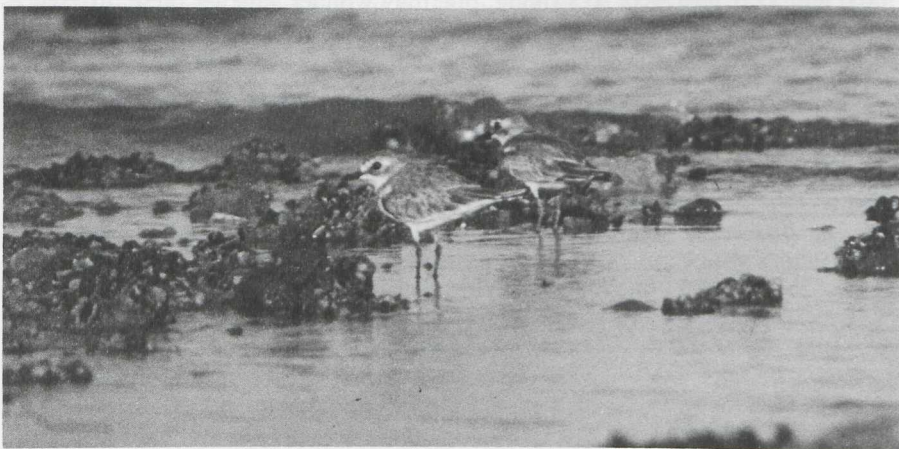
16. Two Greater Sand Plovers Charadrius leschenaultii showing black and orange-yellow legs, respectively, Egypt, September 1981

Rob G. Bijlsma, Bovenweg 36, 6721 HZ Bennekom
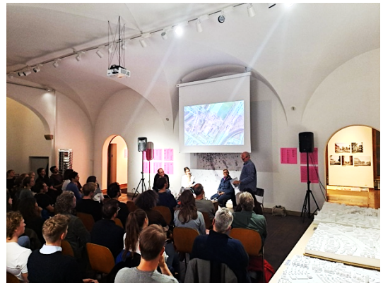
now what? – what if?, © ZAZ BELLERIVE 2024

07.11.2024: «Zugang zum Wettbewerb», Gespräch, in Kooperation mit Stiftung Forschung Planungswettbewerbe.
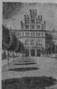
Историко-этнографический музей в г. Черноводске (УССР). До организации Советской власти здесь была резиденция митрополита.

Секретарь Ленинградского обкома ВКП(б) Т. ШТЫКОВ
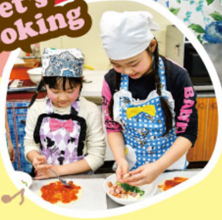
左から 恵美さん(30代 会社員)、まつりちゃん(小2)、ゆうりちゃん(小4) 取材・撮影協力/メラローサ

間もなくゴールデンウィークとなりますが、今年は新型コロナウイルス感染症拡大防止のため、お出掛けを自粛せざるを得ませんね。お子さんのいるご家庭では、例年以上にどのようにご過ごしただけか、頭を悩ませていませんか? この状況下で、プリュス編集部がオススメする今年のゴールデンウィークの過ごし方は、親子でクッキング。 ちょっとした材料をスーパーで購入するだけで、親子そろって楽しく美味しく過ごせますよ!こんな時だからこそ、お家でできるクッキングを通じて、食育そして親子のきずなを育んでみませんか?
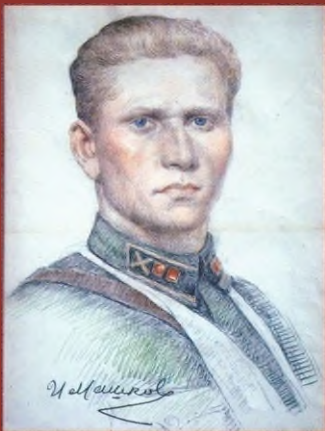
Портрет артиллериста. 1942–1943
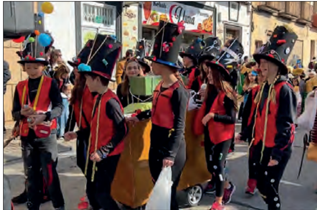
Rua infantil diumenge matí

Després, a partir de les sis de la tarda i fins les nou del vespre, se celebrarà un ball de disfresses jove al pavelló del Molí de l'Esquerrà. En aquest actuaran els dj's Edgar Manchado i Hector Ortega de Flash FM, i comptarà amb concursos, animació, premis
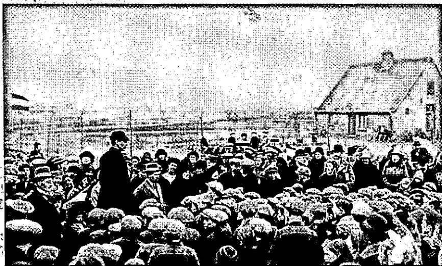
Boomplantdag 1924, Giëten.
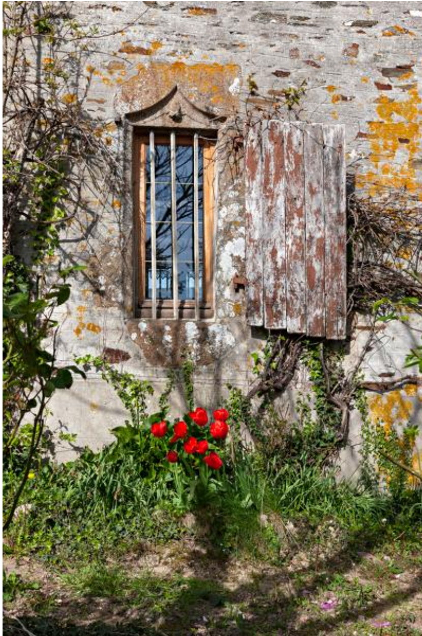
Fenêtre du rez-de-chaussée de la façade nord du manoir de Glandsemé.
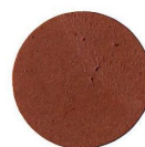
59 NOCE MEDIO NUSSBAUM MITTEL
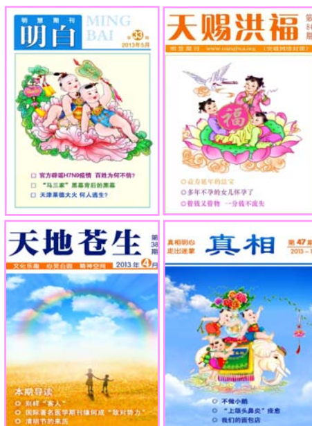
图: 部分明慧小册子(期刊)封面

老人回家后顾不上吃饭, 戴上眼镜先看了起来, 立刻被书中的内容吸引住了, 越看越觉得真相资料说的太好了, 太对了。越看身体越觉得轻松, 越精神。其中有两个字不识, 又查看了字典。看完真相材料, 老人准备去
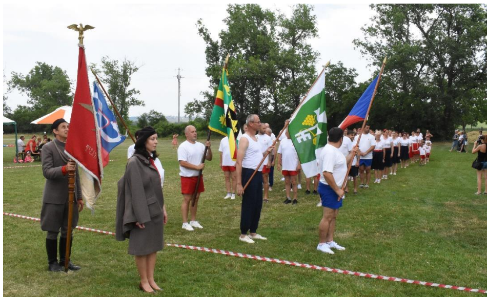
Slavnostní nástup na hřišti za Sokolovnou, Lesonice, 15.6.2019
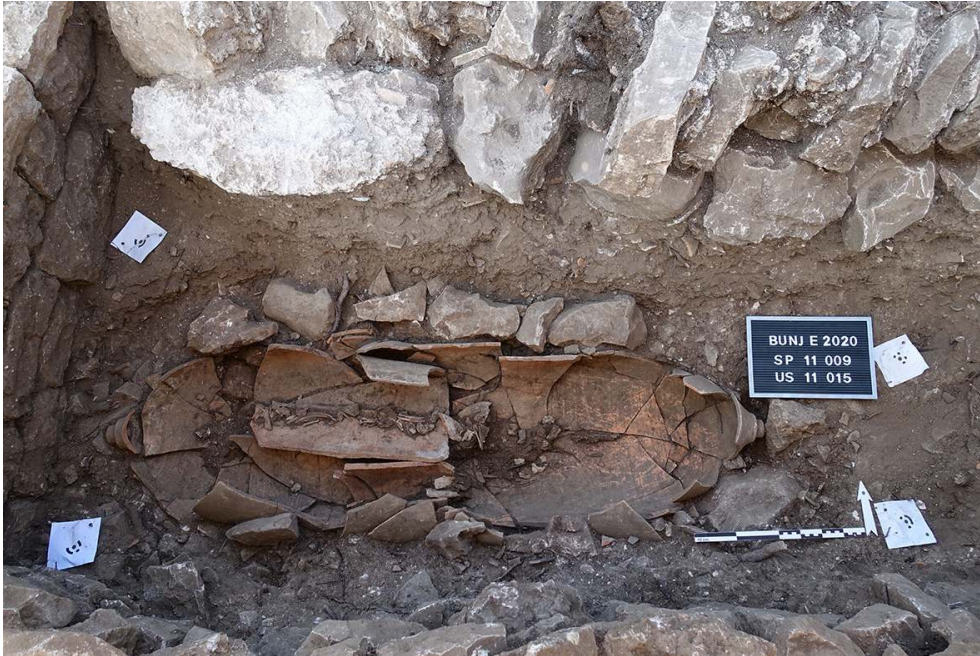
Fig. 6. Vue depuis le sud des restes osseux de la sépulture SP 11009.
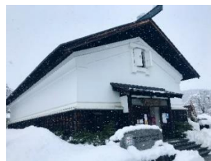
仙北市観光情報センター「角館駅前蔵」
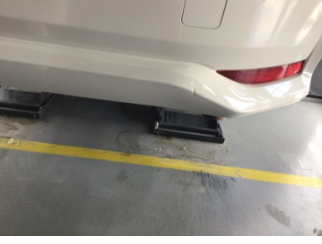
Tampon, arka, Arka tampon > Ezik
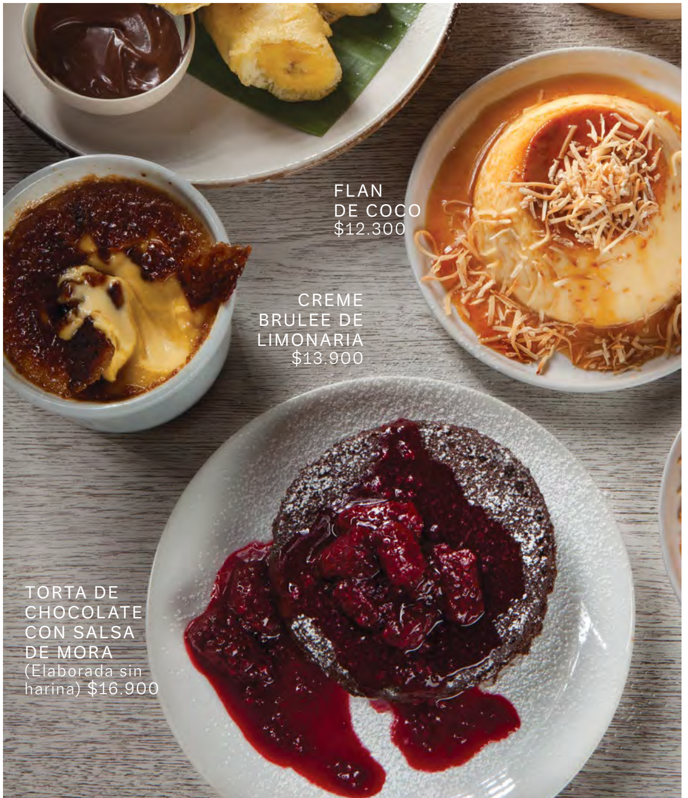
FLAN DE COCO $12.300

WHAT TO DO> Output the lines above verbatim, images excluded.

RESULT OF THIS EXERCISE>
16. Two Greater Sand Plovers Charadrius leschenaultii showing black and orange-yellow legs, respectively, Egypt, September 1981

Rob G. Bijlsma, Bovenweg 36, 6721 HZ Bennekom
now what? – what if?, © ZAZ BELLERIVE 2024

07.11.2024: «Zugang zum Wettbewerb», Gespräch, in Kooperation mit Stiftung Forschung Planungswettbewerbe.
Историко-этнографический музей в г. Черноводске (УССР). До организации Советской власти здесь была резиденция митрополита.

Секретарь Ленинградского обкома ВКП(б) Т. ШТЫКОВ
左から 恵美さん(30代 会社員)、まつりちゃん(小2)、ゆうりちゃん(小4) 取材・撮影協力/メラローサ

間もなくゴールデンウィークとなりますが、今年は新型コロナウイルス感染症拡大防止のため、お出掛けを自粛せざるを得ませんね。お子さんのいるご家庭では、例年以上にどのようにご過ごしただけか、頭を悩ませていませんか? この状況下で、プリュス編集部がオススメする今年のゴールデンウィークの過ごし方は、親子でクッキング。 ちょっとした材料をスーパーで購入するだけで、親子そろって楽しく美味しく過ごせますよ!こんな時だからこそ、お家でできるクッキングを通じて、食育そして親子のきずなを育んでみませんか?
Портрет артиллериста. 1942–1943
Rua infantil diumenge matí

Després, a partir de les sis de la tarda i fins les nou del vespre, se celebrarà un ball de disfresses jove al pavelló del Molí de l'Esquerrà. En aquest actuaran els dj's Edgar Manchado i Hector Ortega de Flash FM, i comptarà amb concursos, animació, premis
Boomplantdag 1924, Giëten.
Fenêtre du rez-de-chaussée de la façade nord du manoir de Glandsemé.
59 NOCE MEDIO NUSSBAUM MITTEL
图: 部分明慧小册子(期刊)封面

老人回家后顾不上吃饭, 戴上眼镜先看了起来, 立刻被书中的内容吸引住了, 越看越觉得真相资料说的太好了, 太对了。越看身体越觉得轻松, 越精神。其中有两个字不识, 又查看了字典。看完真相材料, 老人准备去
Slavnostní nástup na hřišti za Sokolovnou, Lesonice, 15.6.2019
Fig. 6. Vue depuis le sud des restes osseux de la sépulture SP 11009.
仙北市観光情報センター「角館駅前蔵」
Tampon, arka, Arka tampon > Ezik
FLAN DE COCO $12.300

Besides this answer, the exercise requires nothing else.